RECORDS SUPPLIED
---------------

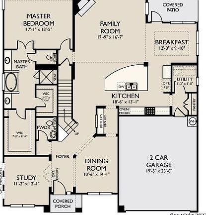 - One Living Area, Separate Dining Room, Eat-in Kitchen, Kitchen Island, Breakfast Bar, Pantry, Study/Library, Game Room, Utility Room Inside, High Ceilings, Open Floorplan, High Speed Internet, Master Downstairs, Ceiling Fan(s), Chandelier, Solid Counter Tops, Programmable Thermostat
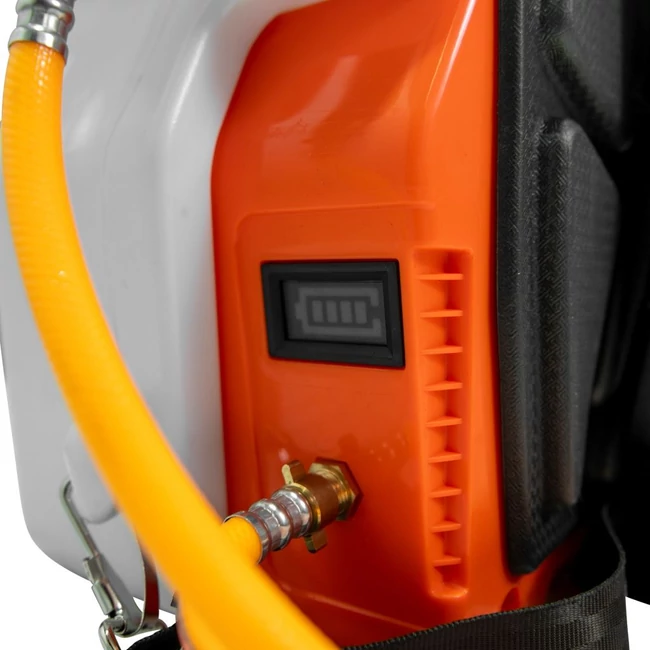 A berendezés LED kijelzővel van felszerelve, amely fontos információkat jelenít meg az akkumulátor töltöttségi szintjéről és a permetezőgép működéséről. Ez az elem biztonságot és kontrollt biztosít a felhasználó számára a használat során.
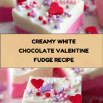 This White Chocolate Valentine Fudge is a sweet and creamy treat perfect for celebrating love and friendship. Its beautiful pink layer and festive sprinkles make it as delightful to look at as it is to eat. Easy to make, it’s a great homemade gift or a delicious dessert for Valentine’s Day.
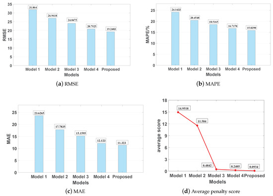 All of these methods were simulated and applied to the C-MAPSS dataset. Table 2 and Table 3 show the results of the performance comparison using four sub-datasets. Figure 10 shows the model comparison in terms of the RMSE, MAP, MAE, and the average penalty score for the entire testing set. The average penalty score is defined as follows:
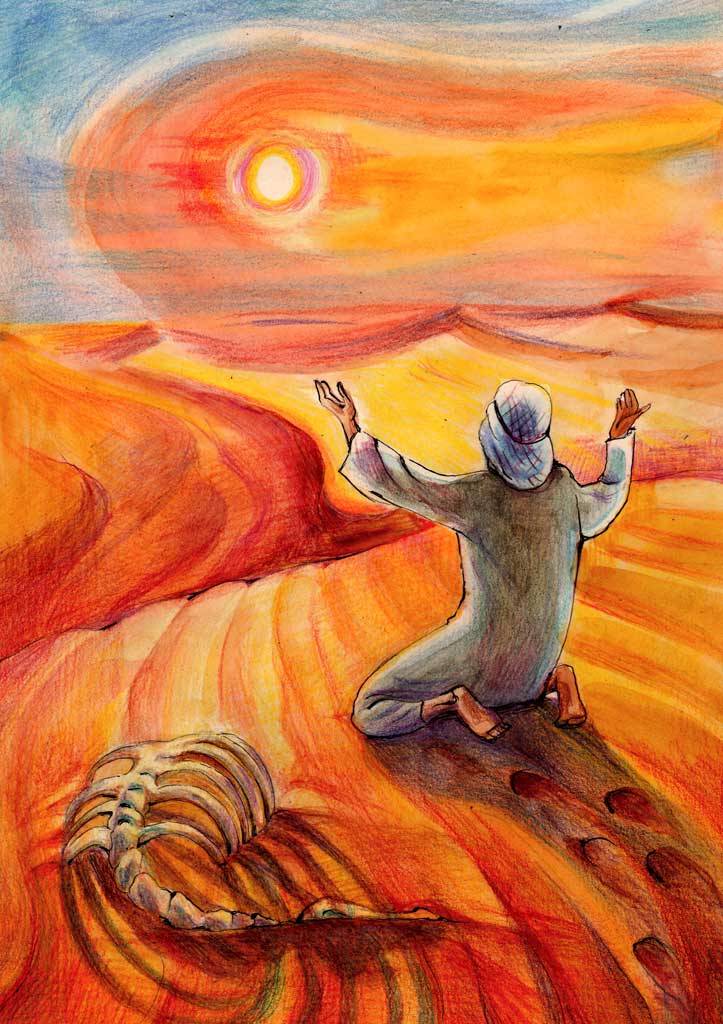 Немного напившись, я похоронил друзей и стал рыть колодец, сразу обкладывая его камнями, которые нашёл неподалёку. К исходу солнца дела мои немного продвинулись, вода стала скапливаться хоть немного, но быстрее, и её количество позволило мне напоить единственного выжившего верблюда.
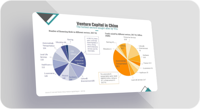 Venture Capital in China The hottest sectors sought after by VCs The hottest sectors sought after by VCs Number of financing deals in different sectors, 2017 H1 Funds raised by different sectors, 2017 H1, billion (RMB) Source: IT Juzi and Tecent, China Venture Capital Report – 2017 H1
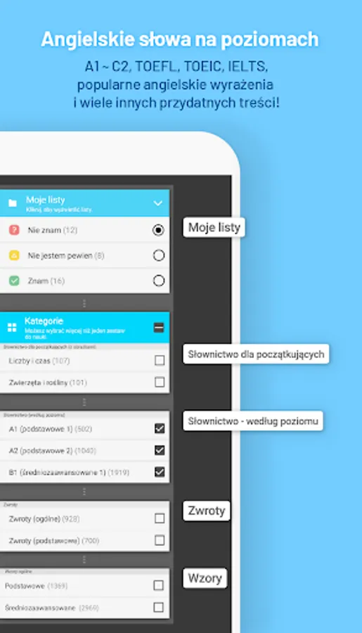 You can learn words suited to your level. (Over 10,000 words, from basic to advanced)
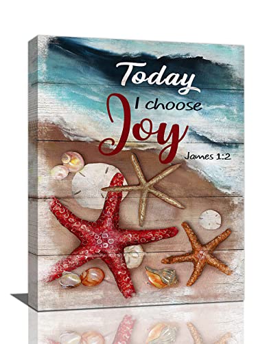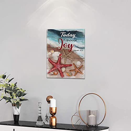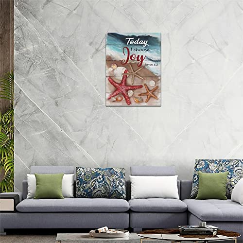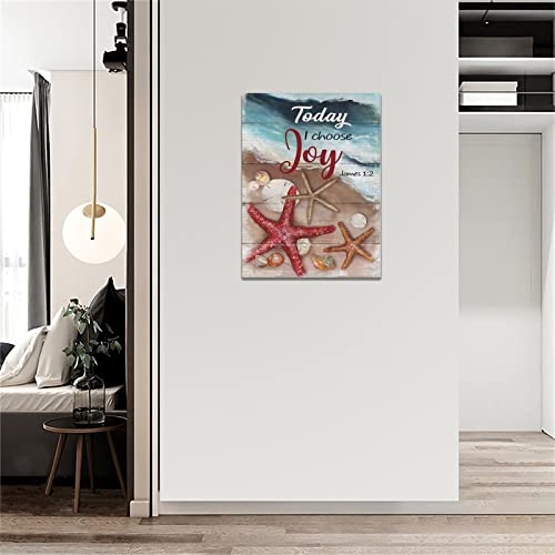 jerkboo - لوحة فنية جدارية بإطار على شكل صدف البحر ونجم البحر بتصميم ريفي ساحلي لديكور الحائط باقتباس Today I Choose Joy بتصميم فني تحفيزي للمنزل وغرفة المعيشة وغرفة النوم والحمام - مقاس 30×40 سم تقريباً
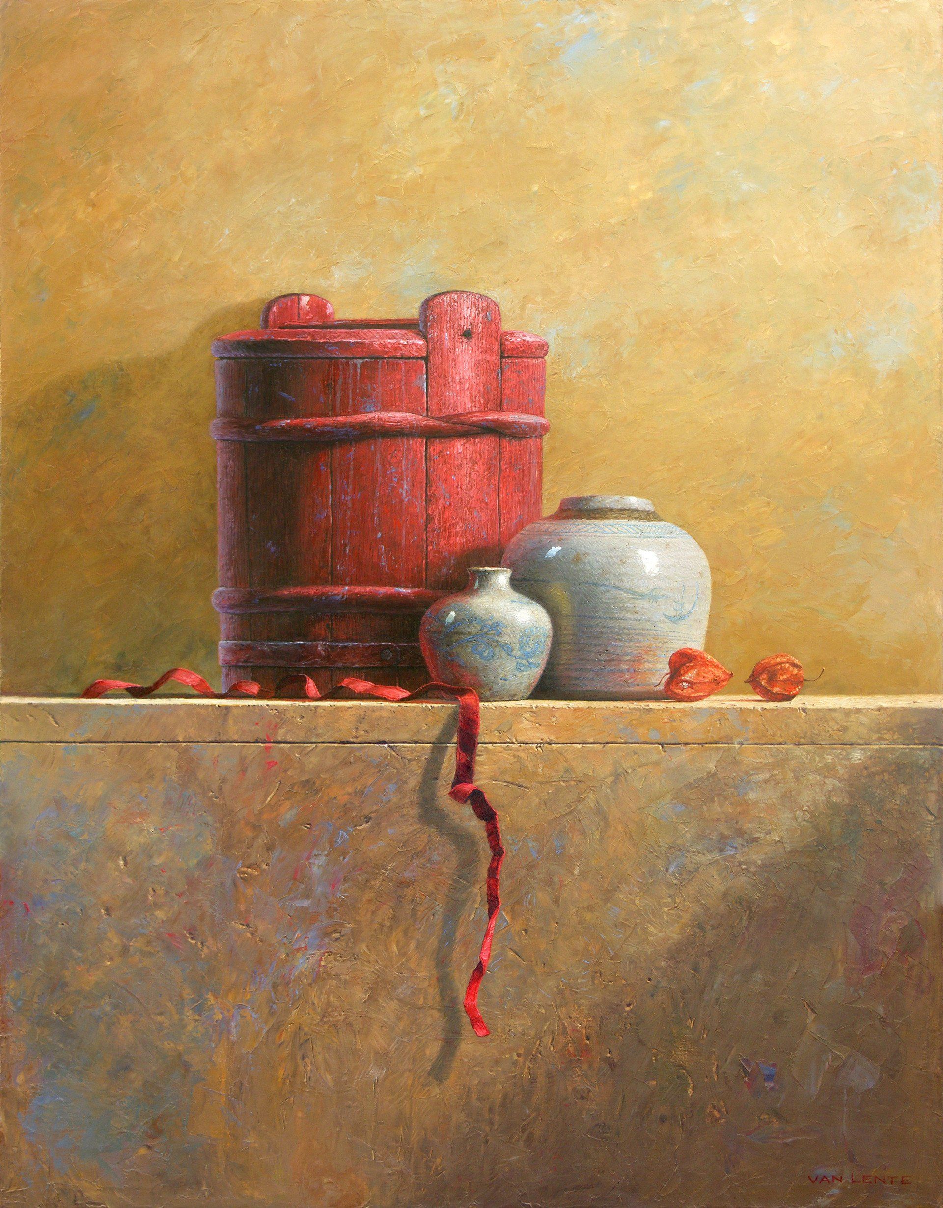 rode ton en chinees aardewerk | olieverf linnen | 90 x 70 cm
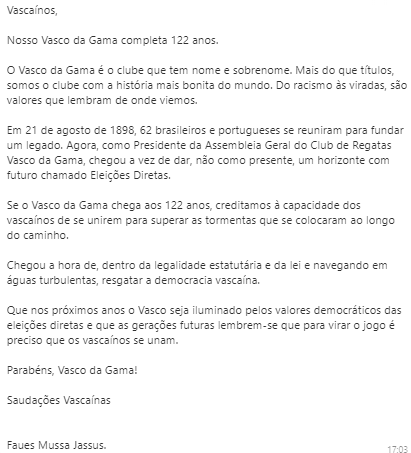 Olha aí a mensagem de aniversário pelos 122 anos do Vasco enviada por Faues Cherene Jassus, o Mussa, a todos os vascaínos. O presidente da Assembleia Geral Extraordinária do clube nos mandou a mensagem via Whatsapp. #gevas
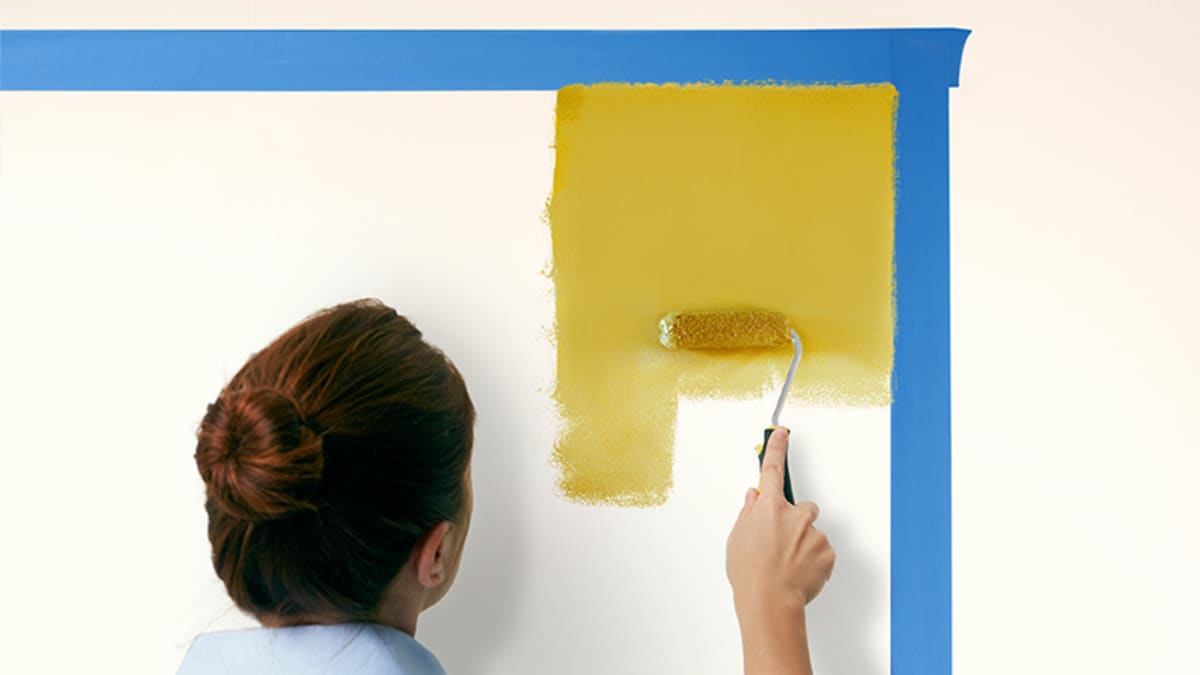 Using a small roller and tray, roll paint to fill the shape of your headboard, being careful not to roll over the outer edges of the masking tape.

---------------

Print each record exactly as it stands, leaving the images out.

RESPONSE
 - One Living Area, Separate Dining Room, Eat-in Kitchen, Kitchen Island, Breakfast Bar, Pantry, Study/Library, Game Room, Utility Room Inside, High Ceilings, Open Floorplan, High Speed Internet, Master Downstairs, Ceiling Fan(s), Chandelier, Solid Counter Tops, Programmable Thermostat
 A berendezés LED kijelzővel van felszerelve, amely fontos információkat jelenít meg az akkumulátor töltöttségi szintjéről és a permetezőgép működéséről. Ez az elem biztonságot és kontrollt biztosít a felhasználó számára a használat során.
 This White Chocolate Valentine Fudge is a sweet and creamy treat perfect for celebrating love and friendship. Its beautiful pink layer and festive sprinkles make it as delightful to look at as it is to eat. Easy to make, it’s a great homemade gift or a delicious dessert for Valentine’s Day.
 All of these methods were simulated and applied to the C-MAPSS dataset. Table 2 and Table 3 show the results of the performance comparison using four sub-datasets. Figure 10 shows the model comparison in terms of the RMSE, MAP, MAE, and the average penalty score for the entire testing set. The average penalty score is defined as follows:
 Немного напившись, я похоронил друзей и стал рыть колодец, сразу обкладывая его камнями, которые нашёл неподалёку. К исходу солнца дела мои немного продвинулись, вода стала скапливаться хоть немного, но быстрее, и её количество позволило мне напоить единственного выжившего верблюда.
 Venture Capital in China The hottest sectors sought after by VCs The hottest sectors sought after by VCs Number of financing deals in different sectors, 2017 H1 Funds raised by different sectors, 2017 H1, billion (RMB) Source: IT Juzi and Tecent, China Venture Capital Report – 2017 H1
 You can learn words suited to your level. (Over 10,000 words, from basic to advanced)
 jerkboo - لوحة فنية جدارية بإطار على شكل صدف البحر ونجم البحر بتصميم ريفي ساحلي لديكور الحائط باقتباس Today I Choose Joy بتصميم فني تحفيزي للمنزل وغرفة المعيشة وغرفة النوم والحمام - مقاس 30×40 سم تقريباً
 rode ton en chinees aardewerk | olieverf linnen | 90 x 70 cm
 Olha aí a mensagem de aniversário pelos 122 anos do Vasco enviada por Faues Cherene Jassus, o Mussa, a todos os vascaínos. O presidente da Assembleia Geral Extraordinária do clube nos mandou a mensagem via Whatsapp. #gevas
 Using a small roller and tray, roll paint to fill the shape of your headboard, being careful not to roll over the outer edges of the masking tape.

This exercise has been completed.